Derek's voice choked slightly as he said this. He couldn't go on. His own pain, magnified by the hurt he saw in Niamh's face was too much. He turned around facing the wall, arms folded across his chest, fighting down the tears that wanted to come. He stayed motionless that way as he heard her footsteps stumbling across the floor and only turned around when the click of the door closing told him she was gone.


	7. Chapter 7: It Takes More Courage

**More warnings for mature language and themes that could be distressing for some people. Please don't read ahead if you're not sure**

** So... I'm tempted to mark this complete now. This is one of the endings to my story. There are others, but want to know what you think? Should I go on? Please let me know...**

Chapter 7: It Takes More Courage

Niamh stumbled through the darkened bar sobbing, her brain unable to come to terms with what she had seen and heard. Her mind was still fuzzy from the drink and she couldn't tell if it was that or the words Derry had spat at her that made her feel so nauseous. Her cheek throbbed where the bottle had hit her and she could feel her skin burning where it had been rubbed raw by the fierceness of Derry's kisses. The memory of how he had aroused such crazy desire in her fought with the sickening image of him standing there, a huge swastika plastered across his chest calmly telling her those awful, horrible things.

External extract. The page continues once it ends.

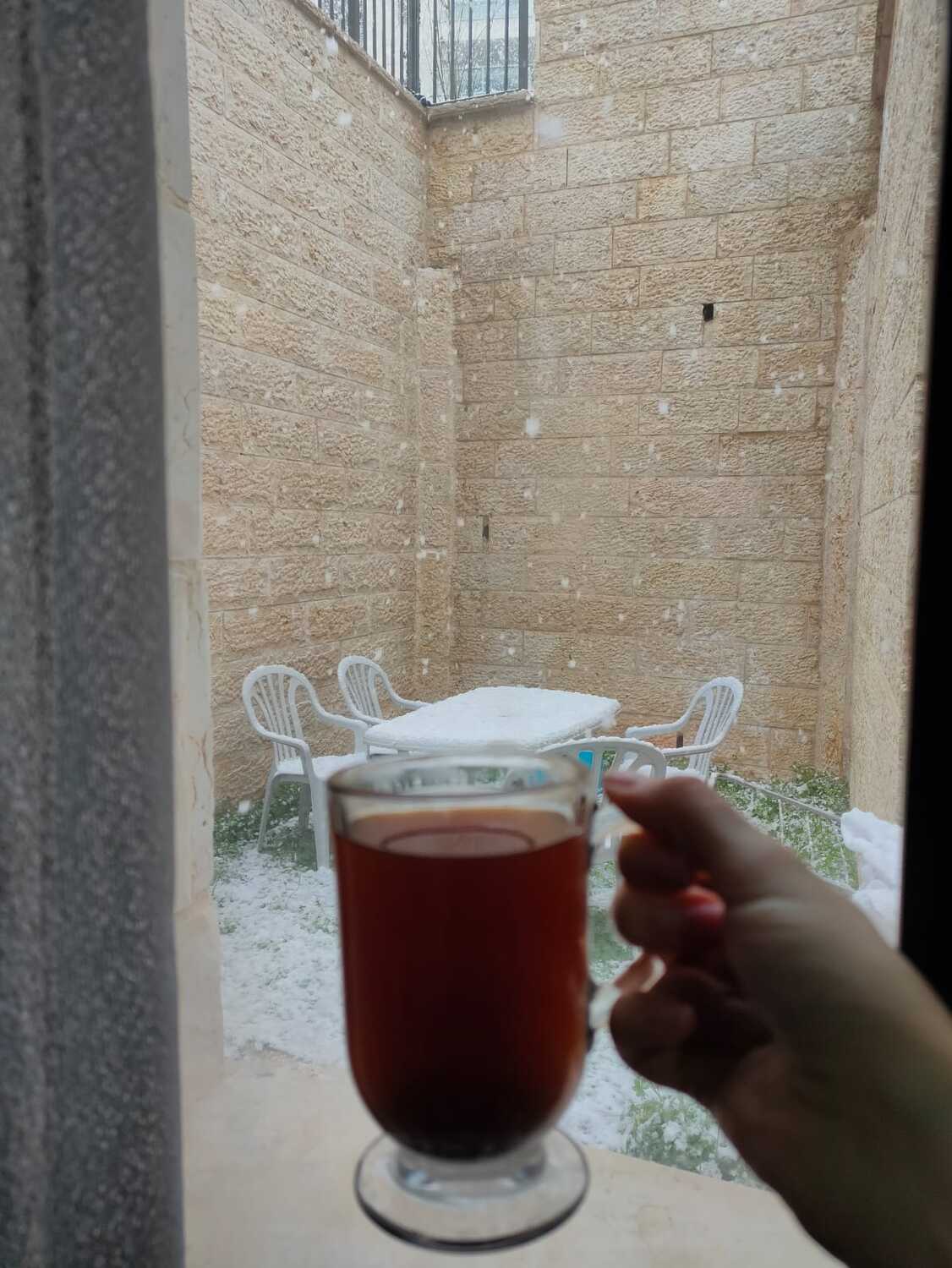 - עדיין המשקעים יורדים פה קפואים, אם כי לא שלג כרגע ירושלמי בעל כורחו
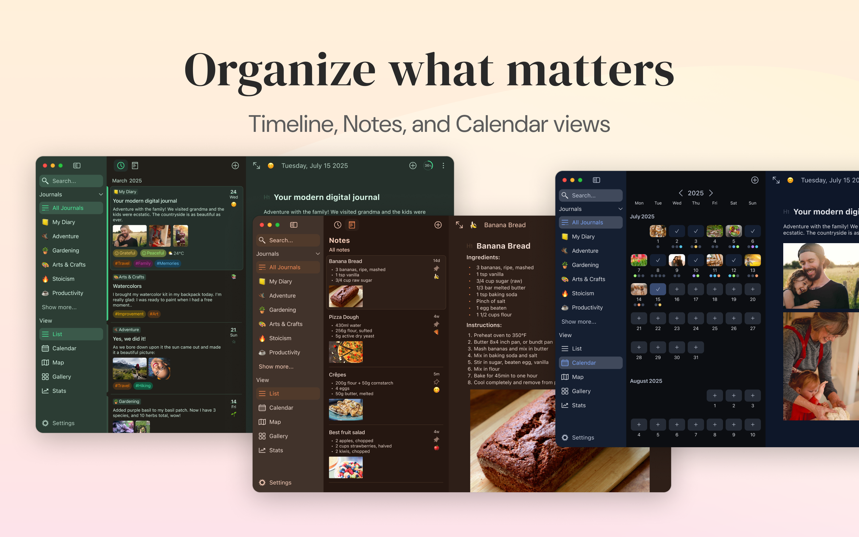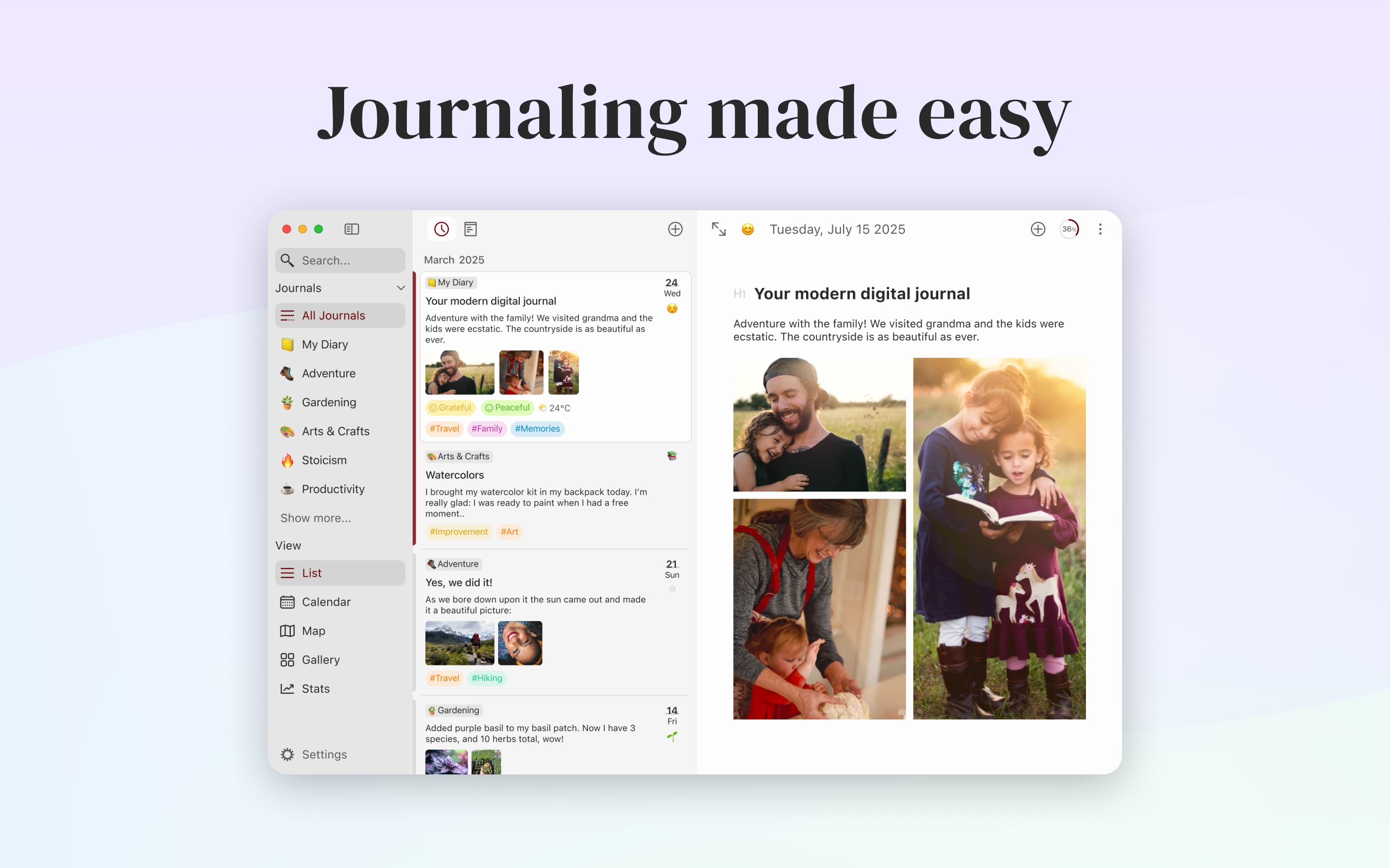 Diarly’s interface is all about distraction-free writing. And with lots of room for customization, you can make it even more convenient. Change fonts, themes, and sizes to give your diary a perfect look. If you want, you can have different templates for specific entry categories.

She pushed her way out of the door and into the street, the cool night air slapping her face and sobering her up. The cold reality of what just happened began to hit her, and she ran, kicking off her stupid heels and running barefoot, not caring about the sharp stones of the pavement cutting in to her feet. She ran until the sobs tearing through her pulled all the air from her lungs and she stopped. She leaned against a wall, unable to stop herself from retching violently, vomiting uncontrollably at the images swirling in her brain: the vision of Derry, half naked and beautiful in front of her, defiled by those horrible tattoos, and the terrible, violent images his words conjured up.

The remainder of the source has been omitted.